Я еще вчера съездил туда, оформился в гостинице и сейчас числился постояльцем. После полуночи ей предстояло позвонить мне в номер и сообщить текущий курс доллара, выясненный по интернету: я наврал, что город не входит в зону роуминга и мой мобильник там не работает. Этот звонок и разговор через гостиничный коммутатор свидетельствовал, что я нахожусь за сто с лишним километров от места преступления. Конечно, вся история для Наташи писалась вилами на воде; она была умной девушкой и вряд ли ее убедили мои туманные намеки, но она сделала вид, что поверила. А я притворился, что верю, что она верит… Так было легче. Я еще не знал, расскажу ли ей о содеянном. Скорее всего, стоило потом рассказать. Она почти ничего не знала о моем прошлом, но должна была понять, ведь она осталась моим последним и единственным настоящим другом… Впрочем, меня это особо не волновало. Меня уже вообще мало что волновало всерьез.

И алиби я составлял скорее для самоуспокоения. Потому что оно было таким же приблизительным, как уловки с двумя перчатками или разбросанные окурки. При тщательной проверке, конечно, хронометраж показал бы, что я в самом деле мог убить Хаканова, а потом вернуться в тот город. А может быть — и не мог бы.
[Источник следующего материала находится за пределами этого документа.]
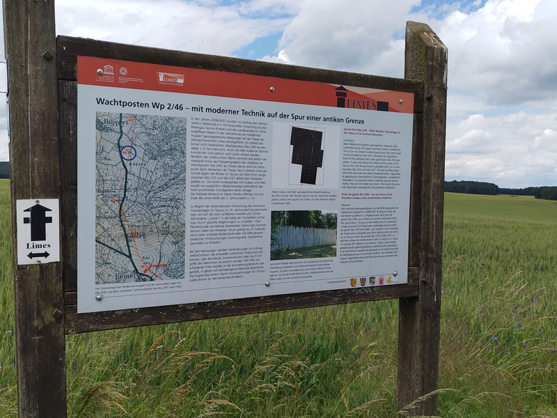 The explanatory sign at tower 2-46, detailing the geophysical research that revealed the traces of a palissade at the spot
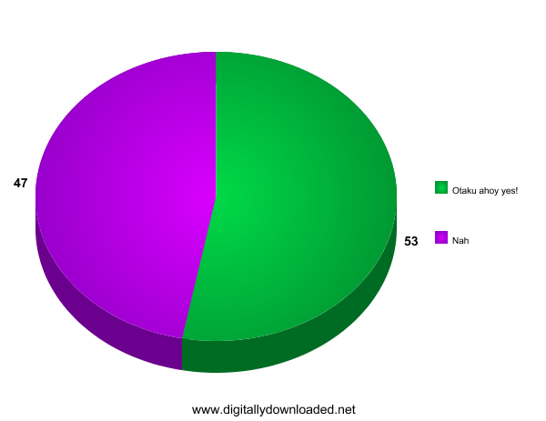 This poll appeared on my interview with the woman responsible for the Japanese film festival, which is currently running in Australia. From the poll results we can see that Japanese films are indeed popular with readers, though I personally thought the response would be more weighted towards the “yes” vote.
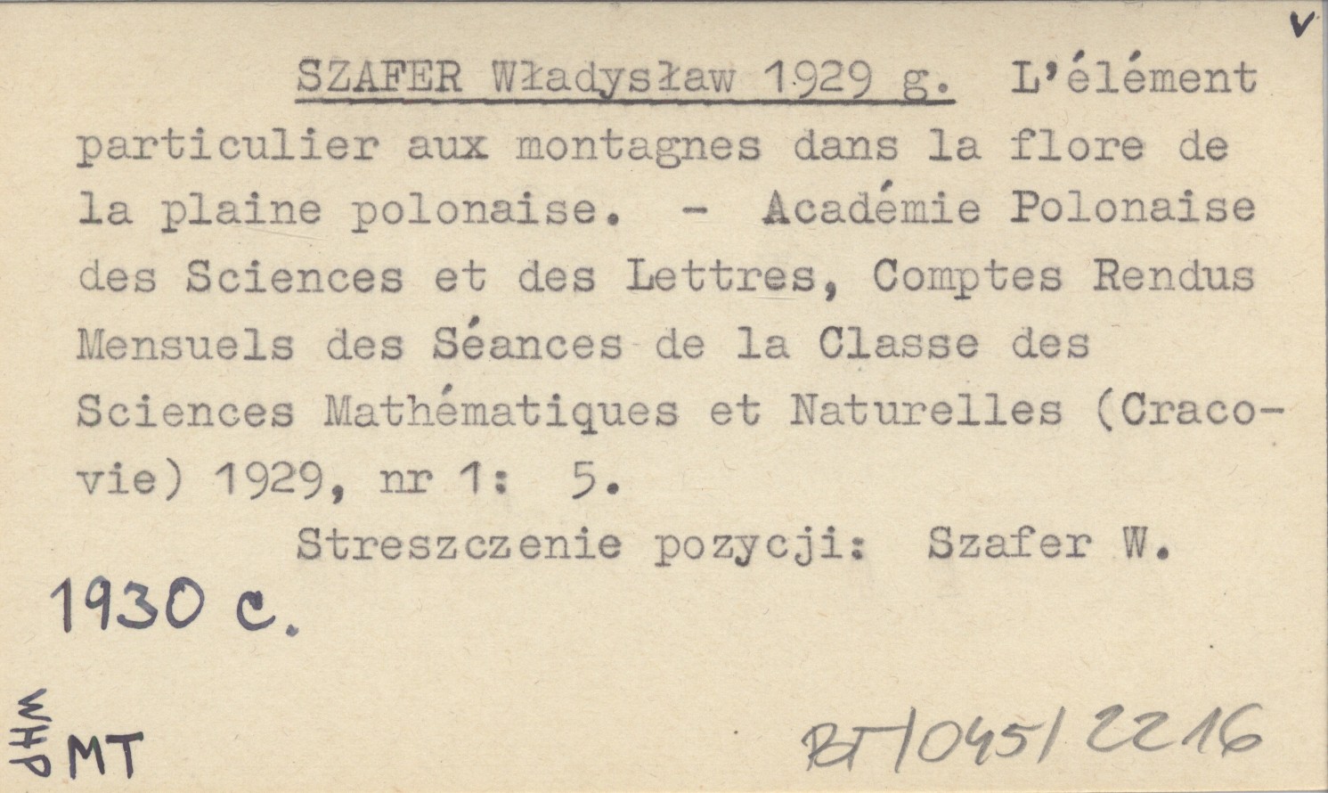 Académie Polonaise des Sciences et des Lettres, Comptes Rendus Mensuels des Séances de la Classe des Sciences Mathématiques et Naturelles (Cracovie) , Nr 1: 5. Streszczenie pozycji: SZAFER W. 1930 c.
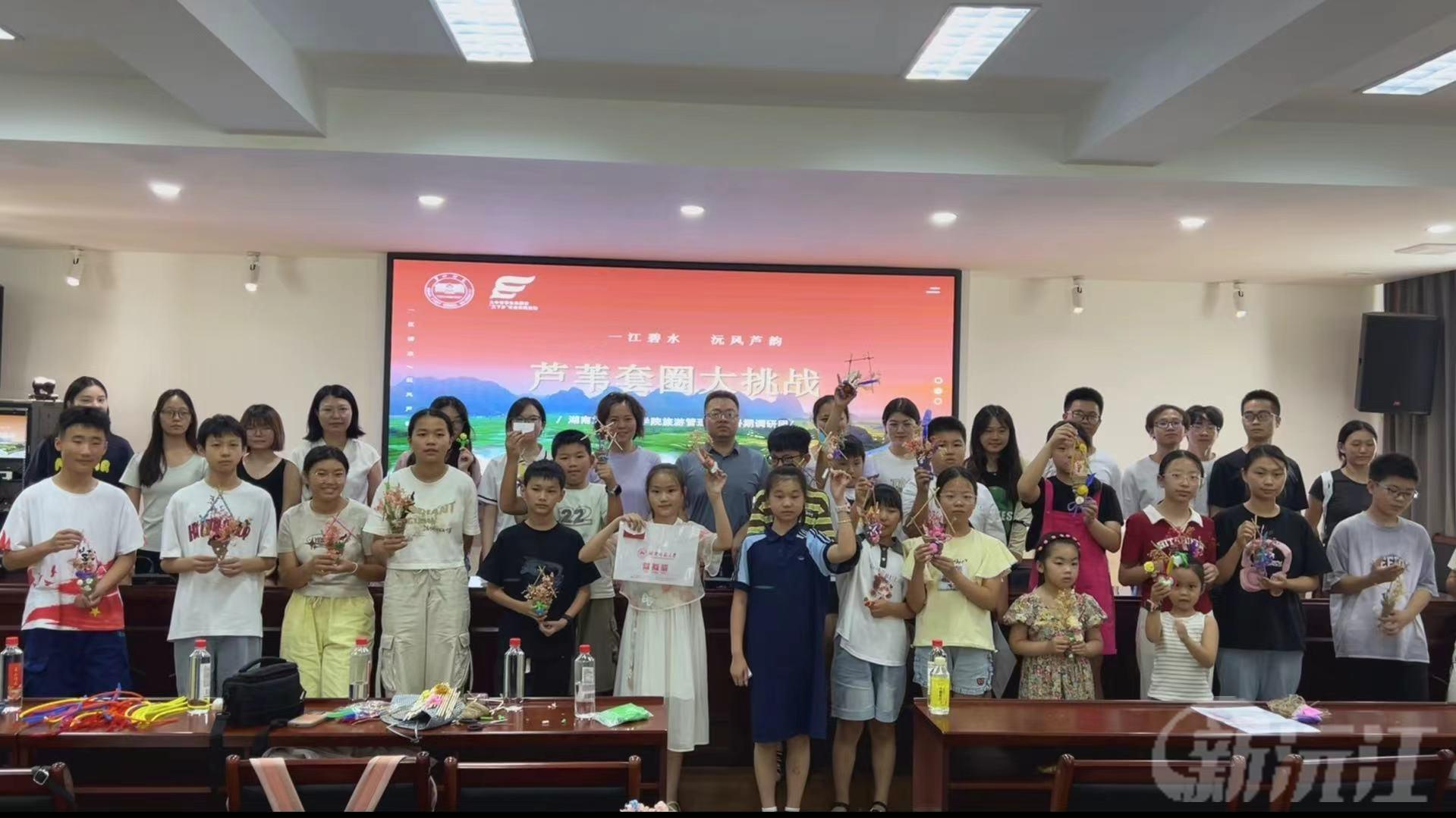 在手工课上,同学们利用芦苇、麻绳、木棍等材料,在志愿者指导下制作“环保花篮”“环保挂饰”等创意作品,同时开展芦苇套圈大挑战等游戏。现场气氛活跃、学生们热情高涨。通过将自然材料与艺术创作结合,传递了“变废为宝”的环保理念,强化了学生对湿地生态系统价值的认知。
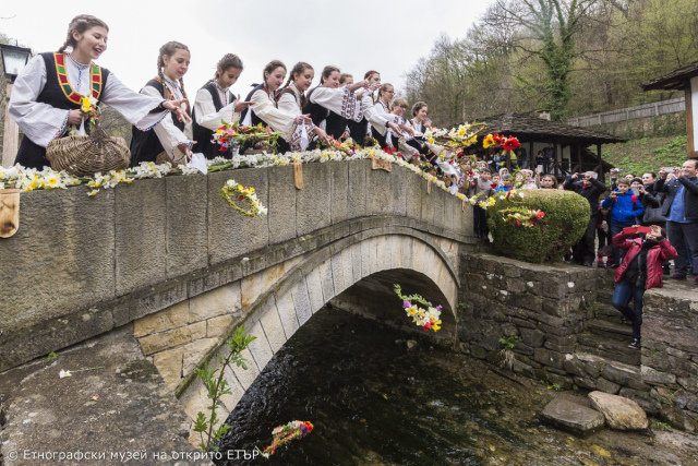 Девойките представиха характерните за Лазаровден песни и танци, обиколиха къщите по Чаршията в музея на открито и хвърлиха венците си от моста в река Сивек.
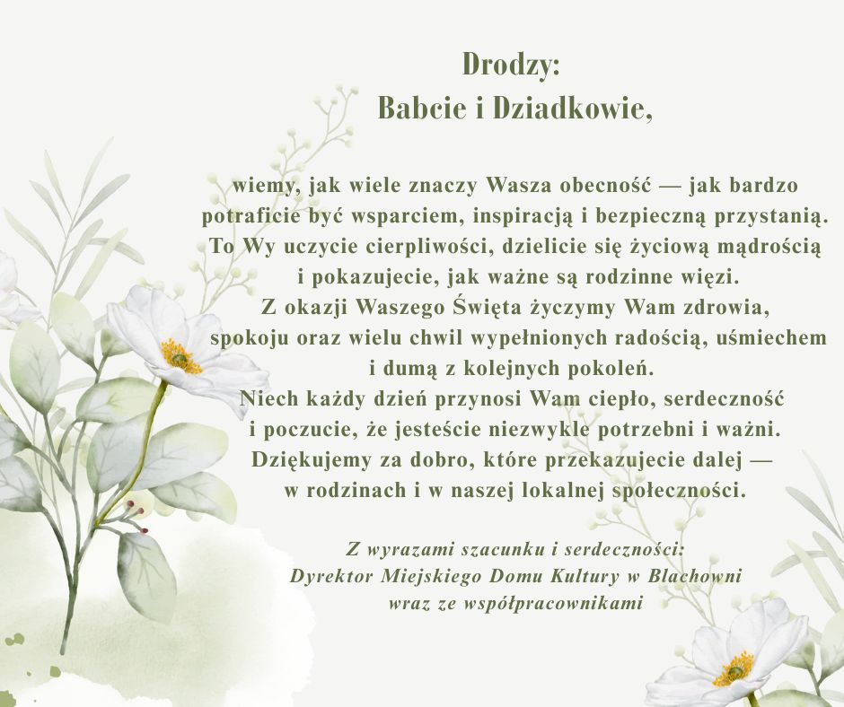 Miejski Dom Kultury w Blachowni zaprasza na Koncert Sylwestrowy, który odbędzie się 31 grudnia o godz. 18:00 w Centrum Aktywności Obywatelskiej...
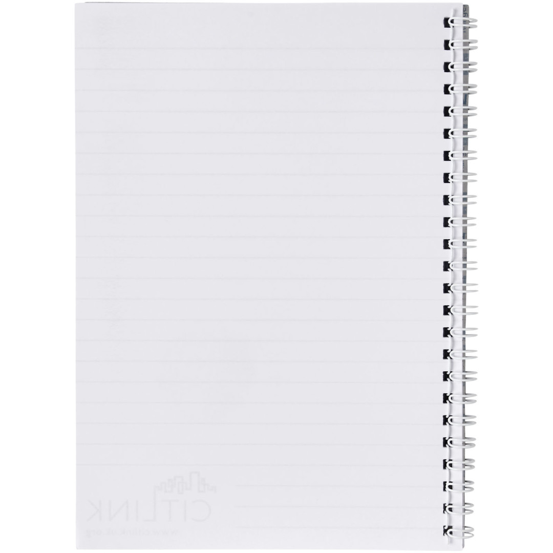 Spirálový poznámkový blok Desk-Mate® A5 Tento poznámkový blok obsahuje bílý nebo černý drát. Dostupné v různých velikostech. Obsahuje lesklé desky (250g/m2) a čistý papír (80g/m2). Standardně se dodávají v balení po 50 listech, dostupné také po 80 listech. Dekorace je možná na obálce a na každém listu. Papír, 80 g/m2.
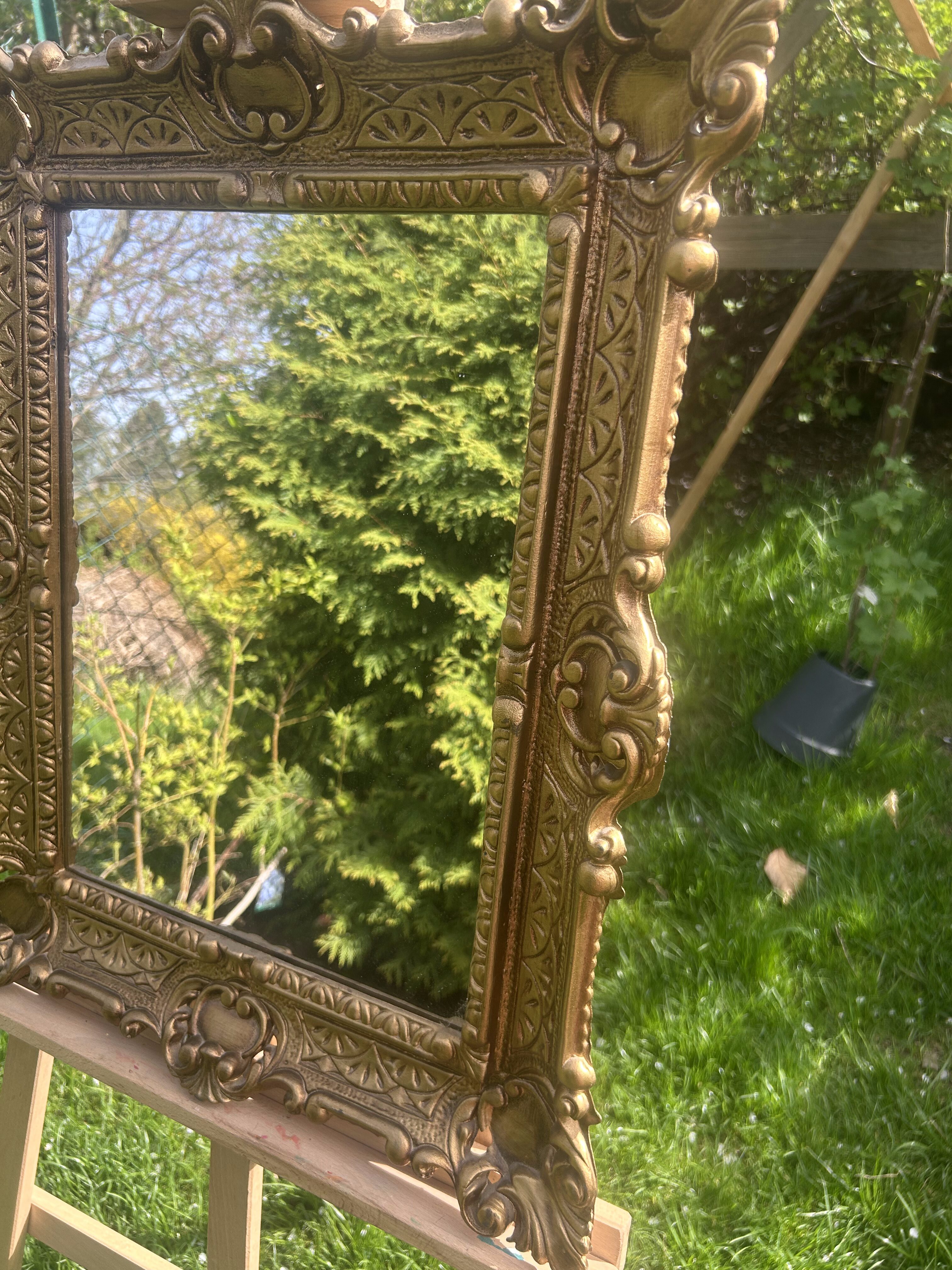 Eleganckie lustro oprawione w bogato rzeźbioną, drewnianą ramę w kolorze złotym. Klasyczne ornamenty i dekoracyjne wykończenia nawiązują do stylu barokowego lub pałacowego, czyniąc ten egzemplarz nie tylko praktycznym dodatkiem, ale również efektownym elementem dekoracyjnym.
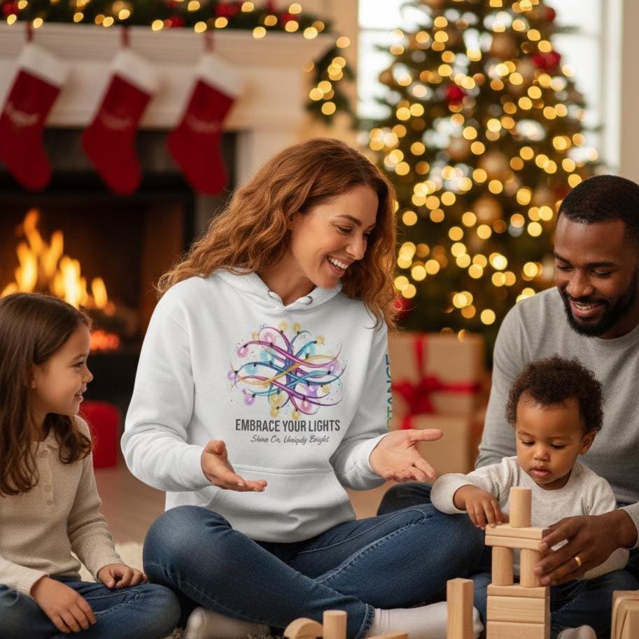 This Christmas, celebrate every unique facet of your personality with our enchanting “Embrace Your Lights” Hoodie.
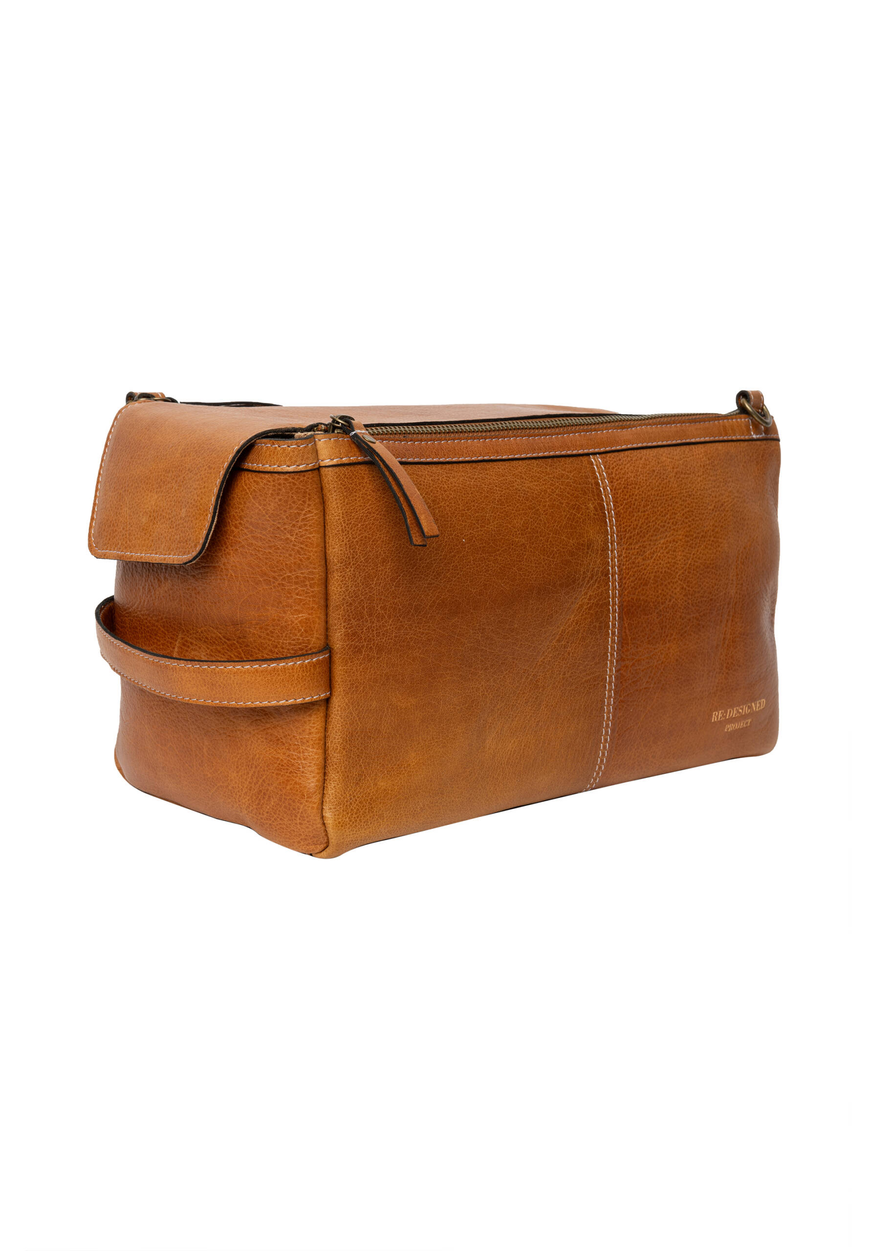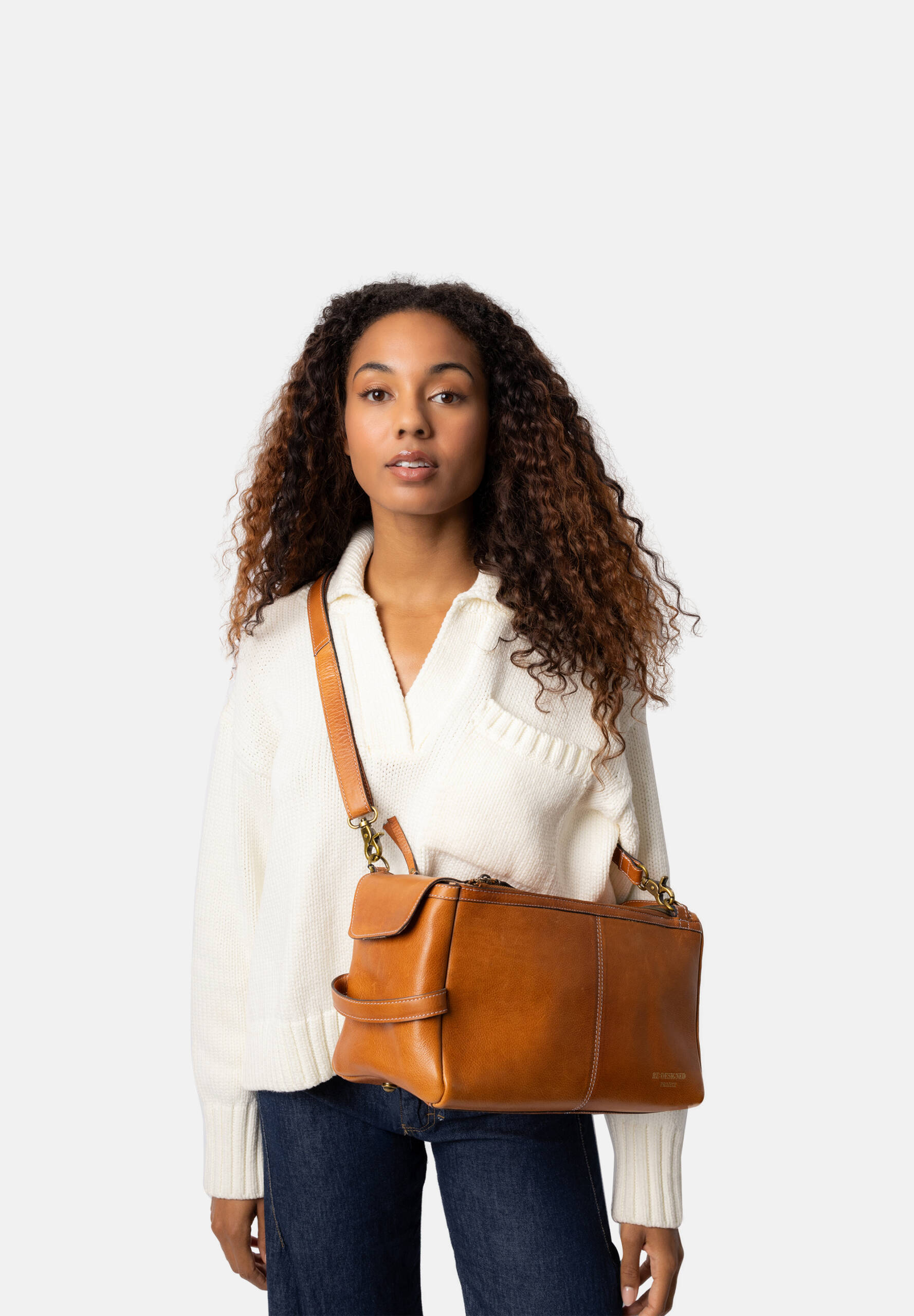 RE:DESIGNED Project 44 Tasche – handgefertigte Stricktasche aus Leder mit Fächern für Rundstricknadeln und Strickzubehör in Urban-Lederqualität in der Farbe Burned Tan.

Потому что времени для поездки туда-обратно по шоссе оставалось в обрез.

Но я не собирался ехать по шоссе. Я уже нашел путь до Медногорска через деревни. Почти в три раза короче, чем отрезок нормальной трассы. Эта дорога к концу зимы становилась практически непроезжей. Однако я был на джипе и все-таки ее одолел, хотя один из участков, проходящий по полю, пришлось форсировать почти как Днепр в сорок третьем году. Конечно, выяснить, на какой машине я езжу, не представляло труда. Но официально джип за мной не числился. Так что все-таки мне могло повезти. Тем более, я разведал даже очень рискованную, но реальную снеговую трассу в объезд КПМ и мог покинуть наш город, как призрак. Если не какая-нибудь случайность типа проверки прямо на мосту через реку, или завязшего на этой снежной дороге такого же хитрого грузовика, или еще чего-нибудь…

Но что-нибудь плохое могло случиться и так практически в любой момент. Пока мне везло — значит, должно было везти и дальше.

Однако ехать предстояло очень быстро. Неимоверно быстро, даже объездными путями. Тем более, что осталось сделать еще кое-что.

Я сел в машину. Стекла оттаяли, в салоне стало тепло. Я направил воздух на ноги, как давно уже мечтал. И быстро, но не спеша — чтобы не нарваться в неподходящий момент на дэпээсный патруль — двинулся по темным улицам к выезду из города.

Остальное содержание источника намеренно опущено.